#include "r/r_cluster.h" Example compile flags (system dependent): -DLINUX_X86_64 -DLINUX_X86_64_OPTERON -DGNU_COMPILER -I/home/kobus/include -L/home/kobus/misc/load/linux_x86_64_opteron -L/usr/lib/x86_64-linux-gnu -lKJB -lfftw3 -lgsl -lgslcblas -ljpeg -lSVM -lstdc++ -lpthread -lSLATEC -lg2c -lacml -lacml_mv -lblas -lg2c -lncursesw int get_independent_GMM_using_CEM ( int initial_num_clusters, const Matrix *feature_mp, const Vector *initial_a_vp, const Matrix *initial_u_mp, const Matrix *initial_var_mp, Vector **a_vpp, Matrix **u_mpp, Matrix **var_mpp, Matrix **P_mpp, double beta, double gamma );

p(x) = sum a-sub-i * g(u-sub-i, v-sub-i, x) iwhere a-sub-i is the prior probability for the mixuture component (cluster), u-sub-i is the mean vector for component i, v-sub-i is the variance for the component, and g(u,v,x) is a Gaussian with diagonal covariance (i.e., the features are assumed to be independent, given the cluster).
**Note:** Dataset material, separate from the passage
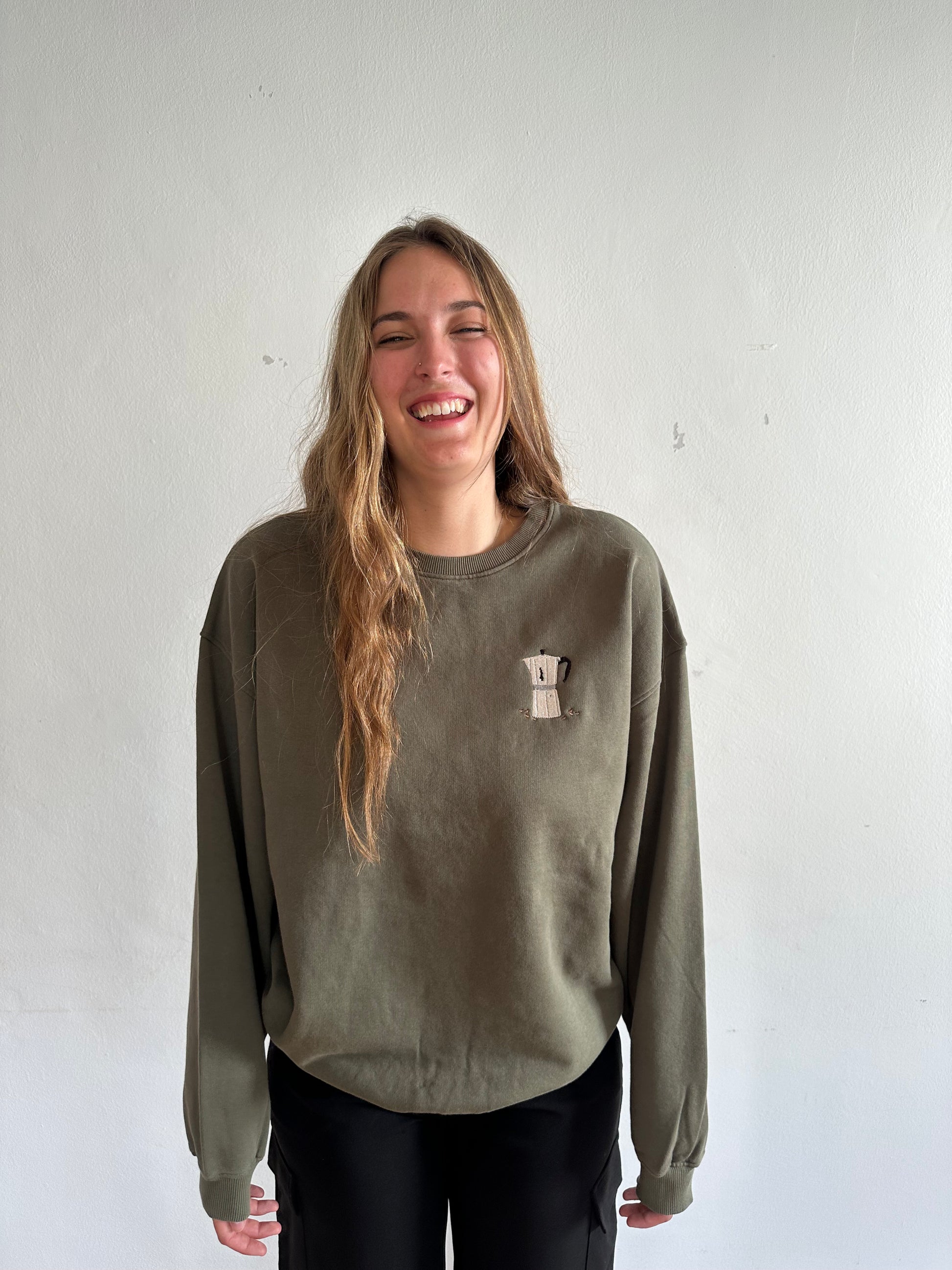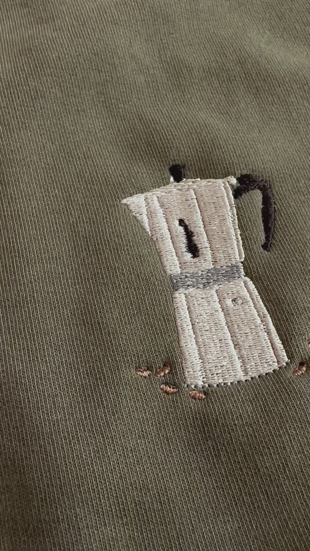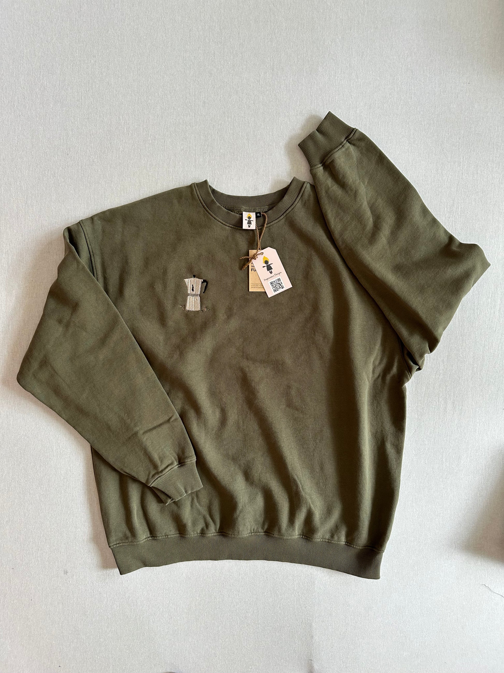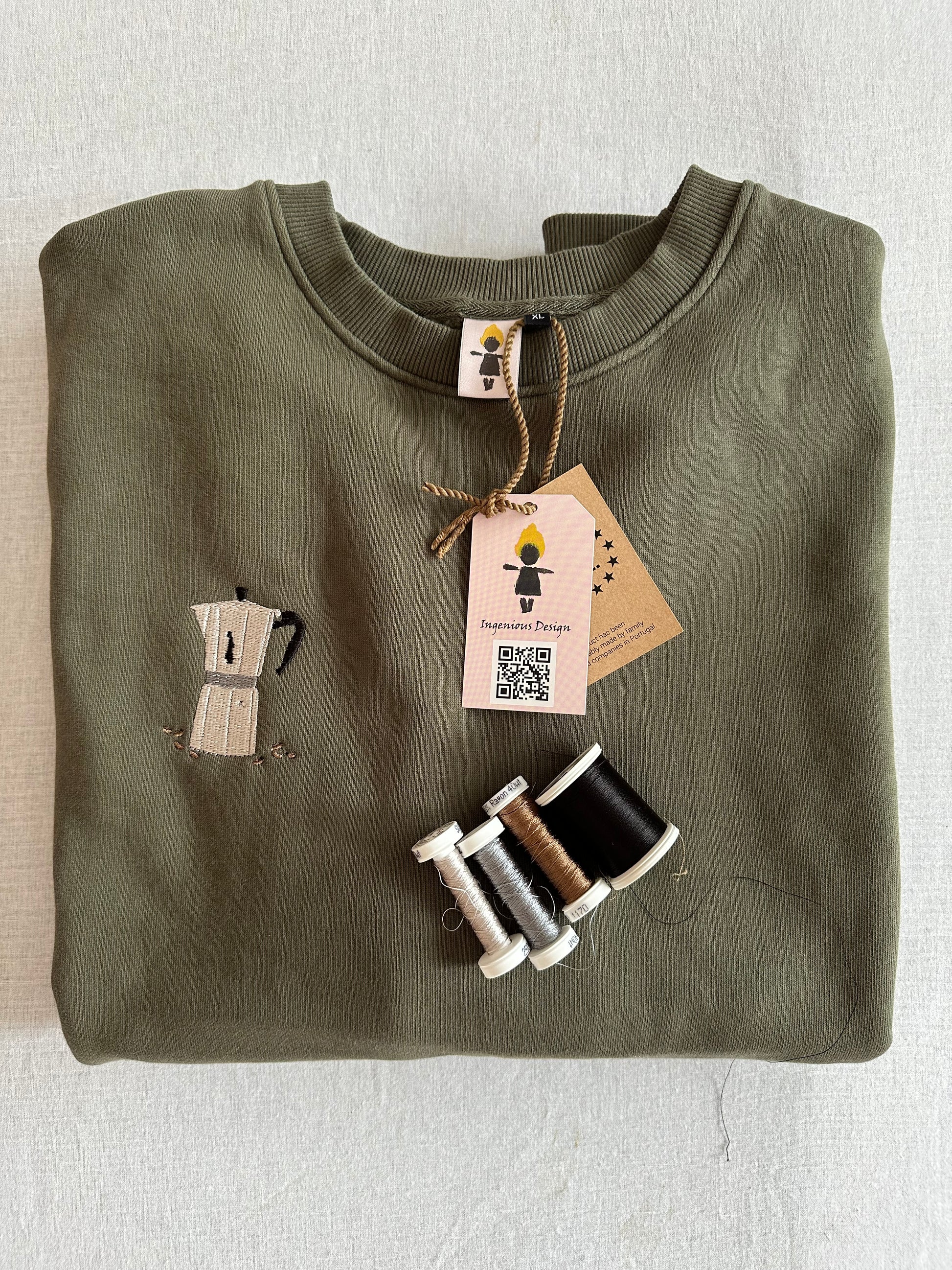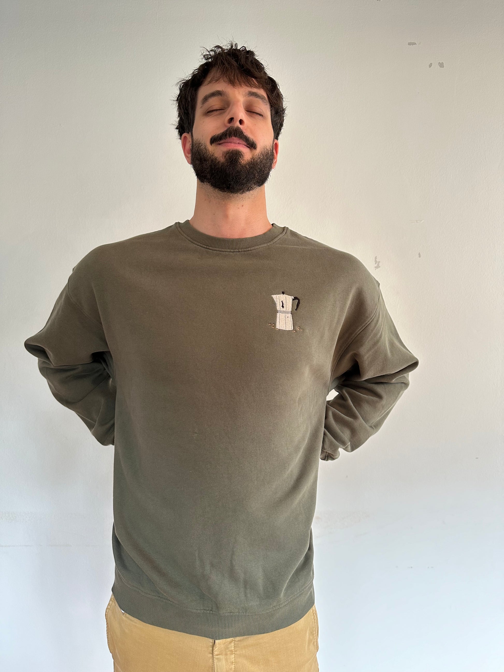 Pullover Unisex Bio-Baumwolle bestickt mit Bialetti Espressokanne

The argument initial_num_clusters is the initial number of mixture components (clusters). The data matrix feature_mp is an N by M matrix where N is the number of data points, and M is the number of features. The means, variances and priors of the initial clusters can be specified through the arguments initial_u_mp, initial_var_mp, and initial_a_vp respectively. If they are all NULL, then a random initialization method is used for the clusters. The model parameters are put into *a_vpp, *u_mpp, and *v_mpp. Any of a_vpp, u_mpp, or v_mpp is NULL if that value is not needed. Both u-sub-i and v-sub-i are vectors, and they are put into the i'th row of *u_mpp and *v_mpp, respectively. The matrices are thus K by M, where K is the final number of clusters. If P_mpp, is not NULL, then the soft clustering (cluster membership) for each data point is returned. In that case, *P_mpp will be N by K. The parameters gamma and beta control the cluster split-merge operations. These need to be determined experimentally. However, the following observations might help as a rough guide in the selection of values for these: The higher the value of gamma, the greater is the frequency of split-merge operations and hence greater is the ability to jump in the parameter space (see reference). A value that is of the order of 0.1L or L, where L is the adjusted log-likelihood, has been observed to give reasonable results. The order of L can be determined from the logs printed out by the routine. The higher the value of beta, the greater is the chance of merge operations being chosen relative to split operations (see reference) while proceeding through the split-merge sequence. A value in the range of 0.1R - 10R, where, R = min(KL_divergence_merge^2, KL_divergence_split^2), has been observed to give reasonable results. R has to be determined experimentally by observing the KL divergence values printed out by the routine.